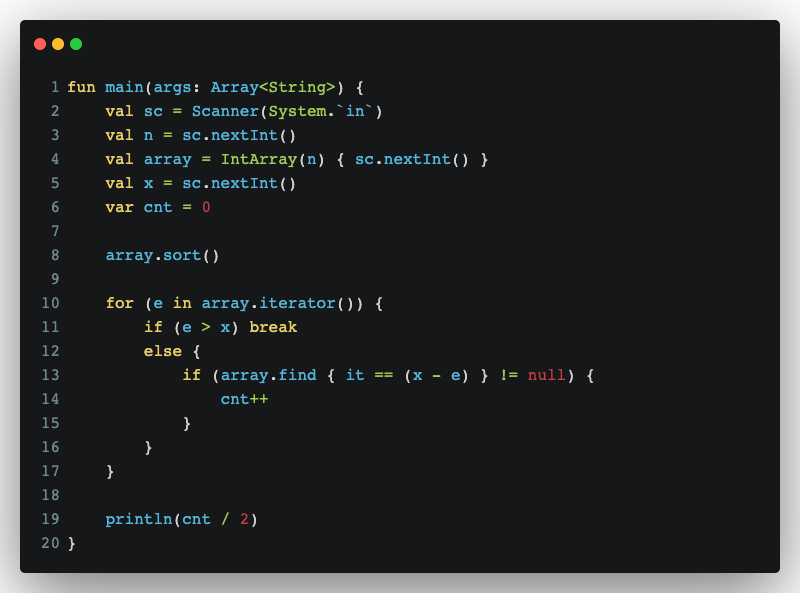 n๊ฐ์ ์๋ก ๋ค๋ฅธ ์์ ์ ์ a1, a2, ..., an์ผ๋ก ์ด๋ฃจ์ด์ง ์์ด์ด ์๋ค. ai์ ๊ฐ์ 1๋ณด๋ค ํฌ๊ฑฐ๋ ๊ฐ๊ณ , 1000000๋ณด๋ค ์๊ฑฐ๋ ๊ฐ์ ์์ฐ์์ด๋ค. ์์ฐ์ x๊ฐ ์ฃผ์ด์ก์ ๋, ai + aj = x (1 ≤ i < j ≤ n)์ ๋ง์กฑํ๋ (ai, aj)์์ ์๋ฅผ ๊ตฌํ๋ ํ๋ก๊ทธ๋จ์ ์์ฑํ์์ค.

*-*-*

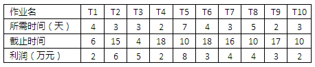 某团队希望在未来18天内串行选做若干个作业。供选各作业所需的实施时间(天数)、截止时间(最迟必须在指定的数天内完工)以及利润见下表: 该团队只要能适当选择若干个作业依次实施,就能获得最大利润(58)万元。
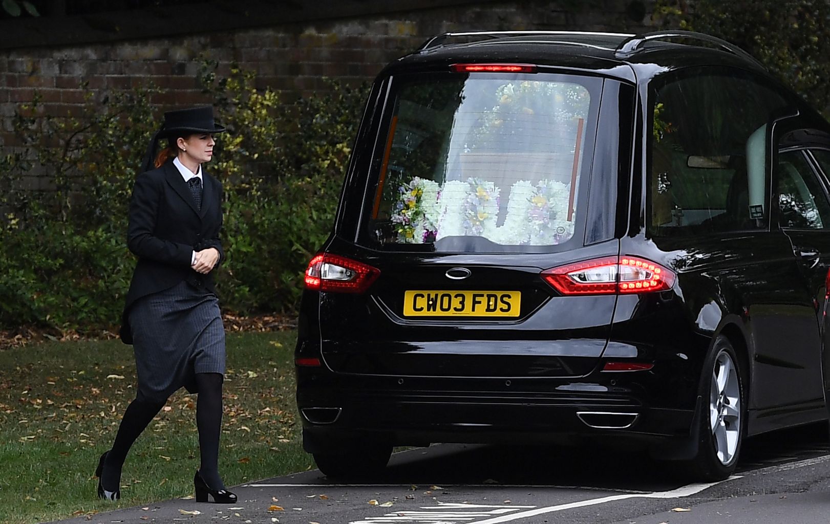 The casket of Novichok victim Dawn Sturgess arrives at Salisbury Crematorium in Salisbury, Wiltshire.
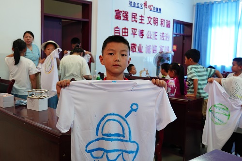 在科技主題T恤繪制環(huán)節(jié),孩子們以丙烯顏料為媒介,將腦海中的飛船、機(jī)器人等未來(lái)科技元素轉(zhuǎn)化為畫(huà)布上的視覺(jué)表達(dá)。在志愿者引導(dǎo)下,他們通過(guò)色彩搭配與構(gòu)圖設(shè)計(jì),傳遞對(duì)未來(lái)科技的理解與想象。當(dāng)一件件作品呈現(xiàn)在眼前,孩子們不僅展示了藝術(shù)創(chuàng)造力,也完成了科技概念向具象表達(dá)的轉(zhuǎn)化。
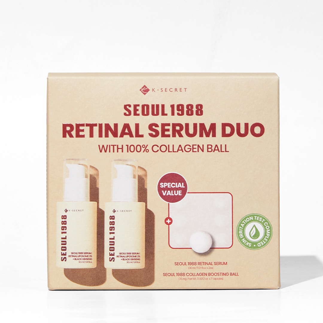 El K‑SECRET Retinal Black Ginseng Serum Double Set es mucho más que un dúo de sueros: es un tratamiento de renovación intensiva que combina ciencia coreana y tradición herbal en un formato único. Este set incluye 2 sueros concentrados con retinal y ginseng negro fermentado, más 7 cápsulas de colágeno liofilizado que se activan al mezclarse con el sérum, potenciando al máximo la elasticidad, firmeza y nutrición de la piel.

*-*-*

What the task requires:
Take the material above from the line bearing "在科技主題T恤繪制環(huá" through the line bearing "El K‑SECRET Retinal" and write it out exactly, both end lines included. Pictures stay out.

Task response:
 在科技主題T恤繪制環(huán)節(jié),孩子們以丙烯顏料為媒介,將腦海中的飛船、機(jī)器人等未來(lái)科技元素轉(zhuǎn)化為畫(huà)布上的視覺(jué)表達(dá)。在志愿者引導(dǎo)下,他們通過(guò)色彩搭配與構(gòu)圖設(shè)計(jì),傳遞對(duì)未來(lái)科技的理解與想象。當(dāng)一件件作品呈現(xiàn)在眼前,孩子們不僅展示了藝術(shù)創(chuàng)造力,也完成了科技概念向具象表達(dá)的轉(zhuǎn)化。
 El K‑SECRET Retinal Black Ginseng Serum Double Set es mucho más que un dúo de sueros: es un tratamiento de renovación intensiva que combina ciencia coreana y tradición herbal en un formato único. Este set incluye 2 sueros concentrados con retinal y ginseng negro fermentado, más 7 cápsulas de colágeno liofilizado que se activan al mezclarse con el sérum, potenciando al máximo la elasticidad, firmeza y nutrición de la piel.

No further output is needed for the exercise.